Here are some other fun and helpful ways to celebrate Earth Day:
- Get outside. Going on a nature walk or having an outdoor scavenger hunt are great ways to enjoy some fresh air and while celebrating Earth Day.
- Play in the dirt. Start a class garden, or have students create their own garden at home, and talk about where food actually comes from. Be sure to select climate-appropriate plants or seeds—try searching for some at a local farmer’s market or plant shop.
- Plant a tree. For an activity that will stay with them for a lifetime, students and their families can plant a tree in their yard. Students can take pictures with it every Earth Day and watch it grow over the years. This is also a great opportunity for educating kids about how trees help combat climate change and deforestation.
- Try “earth painting.” Finger paint with mud on sidewalks or use non-toxic watercolors to paint river rocks. The water will wash the paint away.
Earth Day Every Day
While 44% of students said they’ll celebrate Earth Day this year, another 59% said they don’t plan to do anything special and instead try to treat every day like it’s Earth Day.
Quinn likes to compare Earth Day to Mother’s Day: “They’re similar in the sense that both deserve to be celebrated every day, not just once a year. Similar to how we sometimes take our moms for granted, it’s easy to take our planet for granted and assume that it’ll always be there; however, that’s not necessarily the case.”

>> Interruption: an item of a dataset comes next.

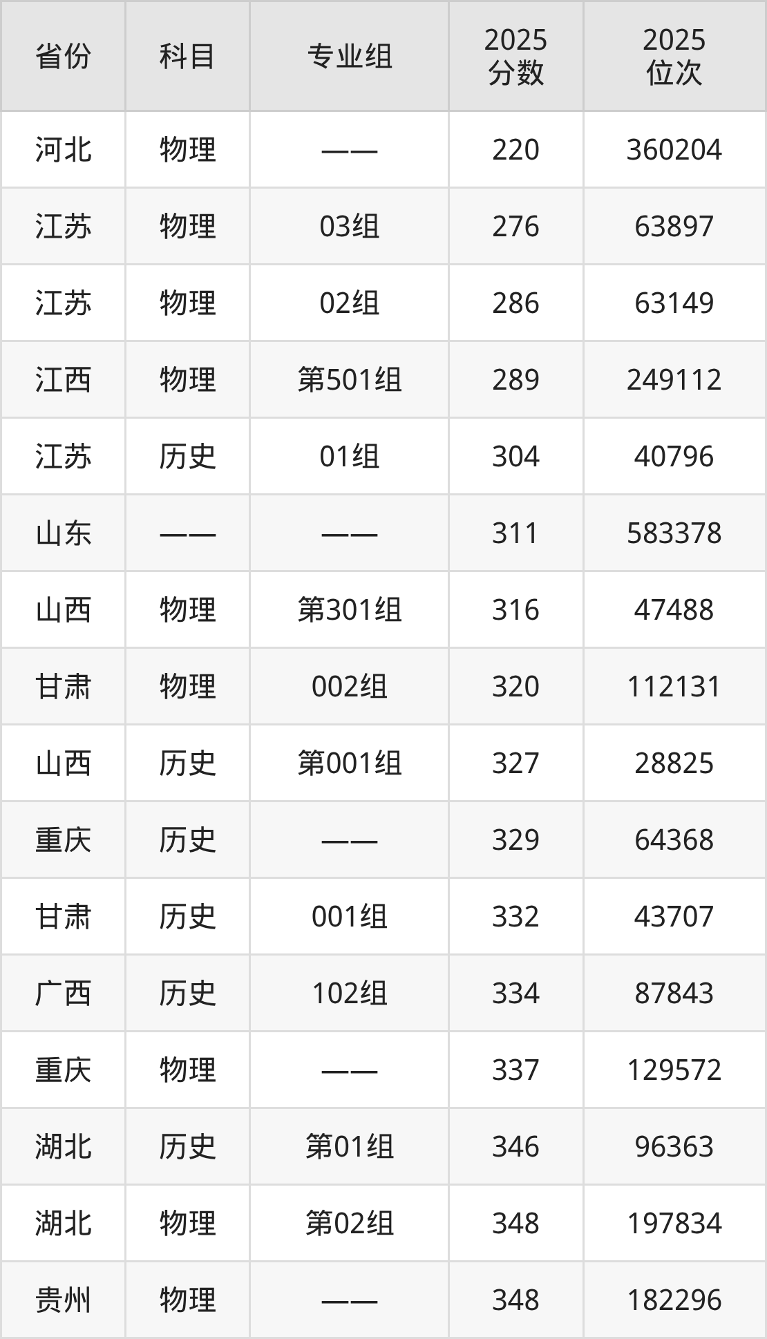 物理类:2025年赣州职业技术学院录取最低分是220分(河北),对应的位次排名是360204名。

What are some daily activities students can do to make a difference?
- Switch to reusable bags and reusable water bottles, instead of single-use plastics that end up in landfills;
- Save water by taking shorter showers (try shortening them by five minutes at first) and turning the tap off when washing their face or brushing their teeth;
- Switch to compact fluorescent bulbs—they’re more eco-friendly, using about 75% less energy than incandescent ones.
Just by making these small changes, student can have a big impact!
“We all live on the same planet and have an equal duty to protect and preserve the environment,” says Quinn. Earth Day can be a great starting point to introduce students to the issue of climate change. As a universal holiday that transcends borders, cultures, religions and lifestyles, Quinn says, Earth Day “gives us a shared cause and common ground.” Devoting a portion of time during the school day to focus on the environment reminds students how important nature is. Let’s show them that the Earth deserves attention.